Roy / README.md

Update README.md

4f5c8c9 verified 3 months ago

3.84 kB

	---
	language: en
	license: apache-2.0
	base_model: mistralai/Mistral-7B-Instruct-v0.2
	datasets:
	- souvik18/mistral_tokenized_2048_fixed_v2
	pipeline_tag: text-generation
	library_name: transformers
	tags:
	- mistral
	- lora
	- qlora
	- instruction-tuning
	- causal-lm
	metrics:
	- accuracy
	---

	# Roy

	## Model Overview

	Roy is a fine-tuned large language model based on
	[`mistralai/Mistral-7B-Instruct-v0.2`](https://huggingface.co/mistralai/Mistral-7B-Instruct-v0.2).

	The model was trained using QLoRA with a resumable streaming pipeline and later merged into the base model to produce a single standalone checkpoint (no LoRA adapter required at inference time).

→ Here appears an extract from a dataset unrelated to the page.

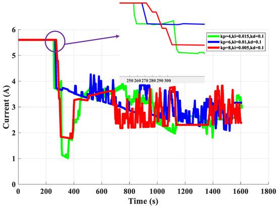Due to the Li-ion battery utilized in this paper, charging at 2C constant current for 282 s results in a battery temperature of 28.9 °C. Therefore, this section compares the performance of three types of PID value sets to maintain the battery temperature at 28.9 °C. The three sets of parameters are kp = 8, ki = 0.005, kd = 0.1; kp = 6, ki = 0.01, kd = 0.1; and kp = 4, ki = 0.015, kd = 0.1. Figure 18 and Figure 19 show the battery temperature and charging current waveforms for each PID parameter set, and Table 6 compares their performance in stabilizing the battery temperature at 28.9 °C. Based on Figure 20 and Figure 21 and Table 5, it is observed that the set of PID parameters kp = 8, ki = 0.005, and kd = 0.1 achieves the fastest stabilization at the set temperature with the least overshoot. Therefore, this set of PID parameters is used in all experiments in this study.
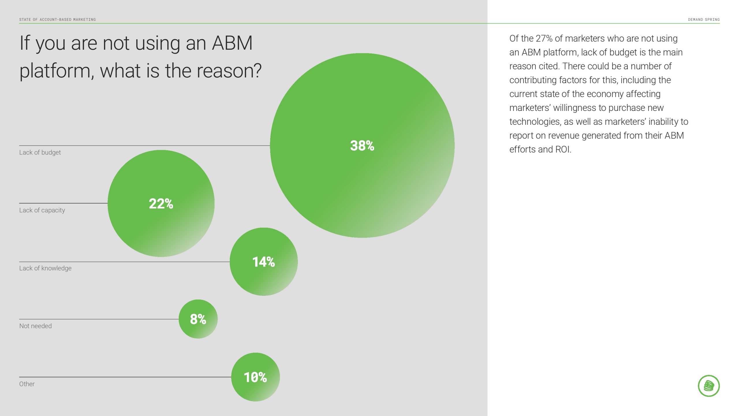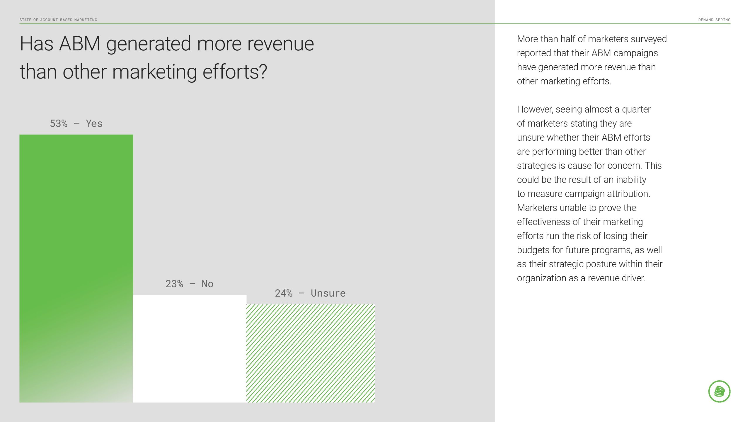 总的来说,略多于一半的受访者(53%)表示ABM比其他营销活动产生了更多的收入;而23%的受访者表示没有;24%的人不确定。早期的研究同样发现,大多数受访者表示ABM的投资回报率高于传统营销,并对收入产生了积极影响。

	This model is optimized for:
	- Instruction following
	- Conversational responses
	- General reasoning and explanation tasks

	---

	## Base Model

	- Base: Mistral-7B-Instruct-v0.2
	- Architecture: Decoder-only Transformer
	- Parameters: ~7B
	- Context Length: 2048 tokens

	---

	## Training Dataset

	The model was trained on a custom tokenized dataset:

	- Dataset name: `mistral_tokenized_2048_fixed_v2`
	- Dataset repository:
	https://huggingface.co/datasets/souvik18/mistral_tokenized_2048_fixed_v2
	- Owner: souvik18
	- Format: Pre-tokenized `input_ids`
	- Sequence length: 2048
	- Tokenizer: Mistral tokenizer
	- Dataset size: ~10.7M tokens

	### Dataset Processing
	- Fixed padding and truncation
	- Removed malformed / corrupted samples
	- Validated against NaN and overflow issues
	- Optimized for streaming-based training

	---

	## Training Method

	- Fine-tuning method: QLoRA
	- Quantization: 4-bit (NF4)
	- Optimizer: AdamW
	- Learning rate: 2e-4
	- LoRA rank (r): 32
	- Target modules:
	`q_proj`, `k_proj`, `v_proj`, `o_proj`,
	`gate_proj`, `up_proj`, `down_proj`
	- Gradient checkpointing: Enabled
	- Training style: Streaming + resumable
	- Checkpointing: Hugging Face Hub (HF-only)

	After training, the LoRA adapter was merged into the base model weights to create this final model.

	---

	## Inference

	This model can be used directly without any LoRA adapter.

	### Example (Transformers)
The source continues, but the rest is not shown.